« Nanterre avant l’orage » : une hétérotopie ?

Avant les flammes et les voitures incendiées, avant les débats télévisés et les certitudes assénées depuis les plateaux, il y avait une ville. Il y avait des habitants, des associations, des schémas existentiels souvent contrariés. Avec Nanterre avant l’orage, Feurat Alani et Ulysse Gry remontent le cours des événements pour retrouver ce que l’actualité avait englouti : la vie elle-même.
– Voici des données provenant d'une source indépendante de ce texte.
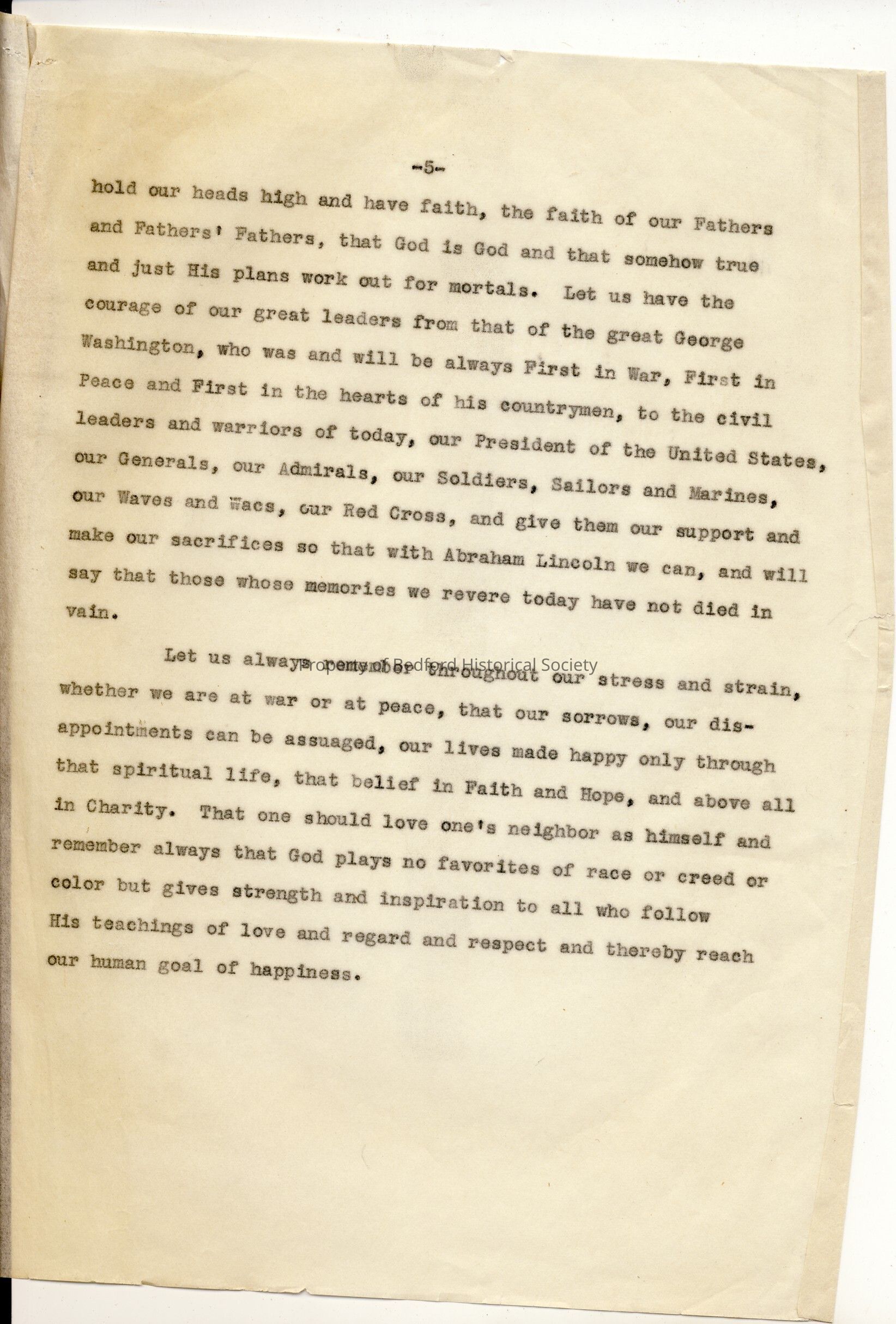 Memorial Day Address given by Gustavus Town Kirby on May 30, 1945 at Bedford Hills, New York. Page 5 of 5

Le point de départ est connu. Le 27 juin 2023, la mort de Nahel bouleverse Nanterre et déclenche une vague d’émeutes qui embrase le pays. Les images circulent à une vitesse vertigineuse. Les flammes deviennent le langage dominant. La cité Pablo Picasso, déjà familière des discours anxieux et des représentations caricaturales, se retrouve une nouvelle fois réduite à sa dimension la plus spectaculaire. C’est précisément contre cette simplification que se construit l’album.

Feurat Alani connaît ce territoire de l’intérieur. Il y a vécu une partie de sa jeunesse. Cette proximité leste chaque page d’une attention particulière aux détails du quotidien, à ces existences qui demeurent invisibles tant qu’aucun drame ne vient les propulser sous les projecteurs. Le livre pose alors une question largement impensée : pourquoi faut-il toujours une catastrophe pour que l’on examine enfin un lieu ?

La réponse se construit par accumulation de scènes, de visages, de conversations et de souvenirs. Les auteurs s’intéressent moins à l’explosion qu’à ce qui la précède. Aux frustrations, aux solidarités, aux espoirs déçus, à tout ce tissu humain que l’actualité a tendance à effacer lorsqu’elle cherche des explications immédiates.

Le dessin d’Ulysse Gry participe pleinement à cette entreprise de réappropriation. Son trait donne à la cité Pablo Picasso – qui a vu sortir des populations entières des bidonvilles, qui portait en elle des promesses de renouveau – une présence presque organique. Les tours renferment une riche histoire collective. Ce sont des familles s’installant dans l’espoir d’une meilleure vie. Ce sont des marginaux contraints ou délibérés pris en charge par leurs voisins. Ce sont des hommes et des femmes faisant face aux pannes d’ascenseur, aux odeurs nauséabondes, à toute cette vie avec laquelle il faut composer, pour le meilleur et pour le pire.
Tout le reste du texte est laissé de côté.